The government’s existing policy of social protection for the most vulnerable citizens — the elderly, children and disabled people — has been far and away its most successful intervention to combat poverty and reduce inequality in the democratic era. The grants are the largest single item of government spending, accounting for 3.2% of SA’s GDP and more than one-eighth of the government’s noninterest expenditure. They have been growing ahead of inflation at about 8% a year, enabling millions of households to buy bread, pay for schooling and transport, and generally stay alive despite high levels of unemployment and working poverty in the country.

SA’s social protection system, which has a far greater re-distributional effect than those of most other emerging markets, should continue to be a source of pride to all of us and equally a source of stability for the country. But that depends on a successful payment system.

The existing contract with service provider Cash Paymaster Services has a long and turgid history going back to the early days of democracy when the government successfully outsourced the task of paying the grants to three service providers in the different provinces.

It then centralized the system in Sassa and went out to tender for new providers, attracting some innovative and impressive bids from a number of consortiums that included most of SA’s big banking groups.
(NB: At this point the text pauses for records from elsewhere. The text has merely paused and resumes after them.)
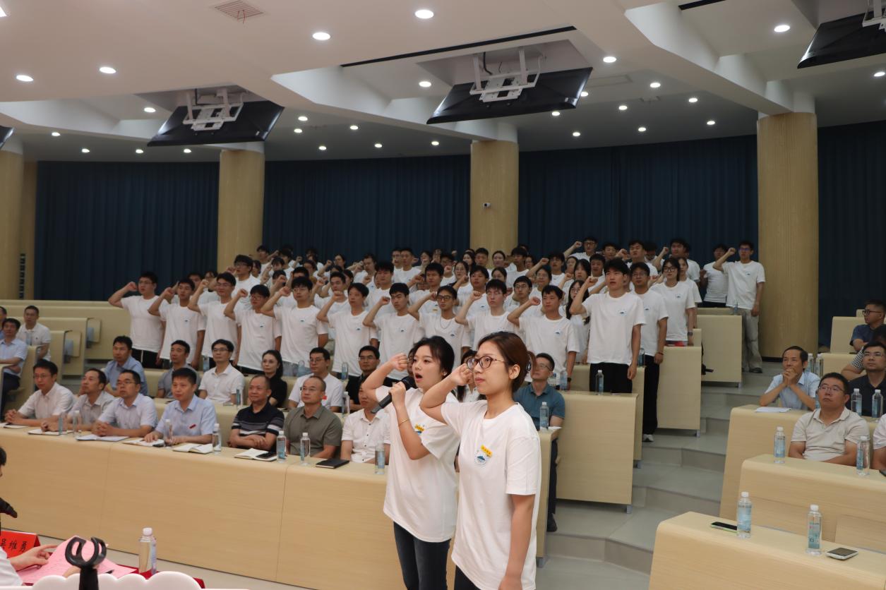 致辞结束后,校领导与发展规划与研究生处负责人为新生代表佩戴校牌。全体研究生起立,庄严宣誓,承诺恪守“竞知向学、厚德笃行”的校训,潜心钻研、勇担使命,以青春与智慧践行新时代beat365官方网站人的责任与担当。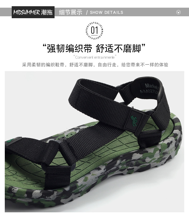 Vietnamese Men's Sandals, Dual-Purpose Slippers for Driving, Non-Slip, Waterproof, Casual Outdoor Camouflage Sports Beach Shoes, Trendy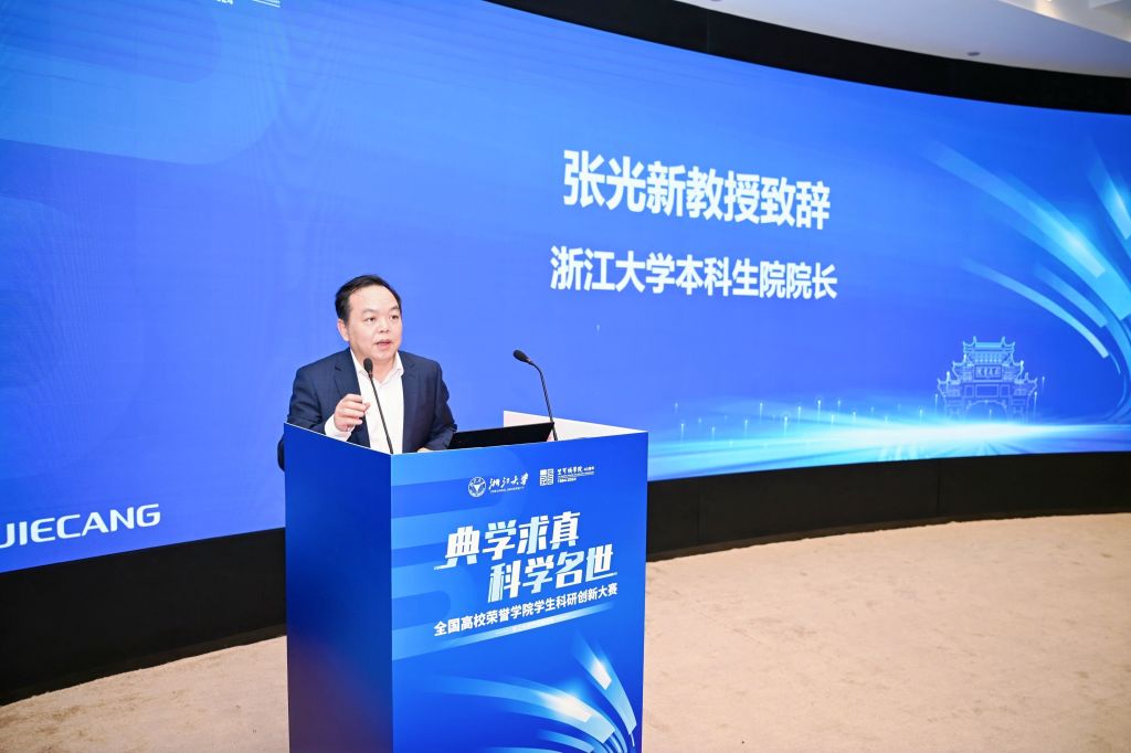 本次比赛由浙江大学竺可桢学院主办,浙江大学本科生院院长张光新在致辞中指出各高校荣誉学院在拔尖创新人才自主培养方面使命光荣、责任重大,充分肯定了竺可桢学院办学40年来的创新探索。期待同学们以此为契机,深度参与科研创新,提高自己提出问题、发现问题和解决问题的能力。

That didn’t seem to be good enough for Sassa, which instead ended up awarding the contract to Cash Paymaster Services amid question marks about alleged corruption and impropriety.

After the Constitutional Court threw out that contract and mandated Sassa to go out to tender again, imposing strict conditions, Sassa proved unable to pursue the process with any effectiveness, extending Cash Paymaster Services’ contract and ultimately deciding it would do the job itself.

Just what possessed a government agency with a less than impressive track record to think it could take on so mammoth and complex a task — in which one of SA’s big banks and other private sector players would once have been quite willing to invest — is a mystery. Why Parliament permitted this absurdity is a puzzle too.

At this stage, though, the challenge is to ensure that 17-million people continue to receive their money. A first step is to get honest answers out of Sassa about how far it is with the process and whether it even understands the challenges. Parliament should continue to press hard, but firm intervention is surely also needed from the top of the government itself.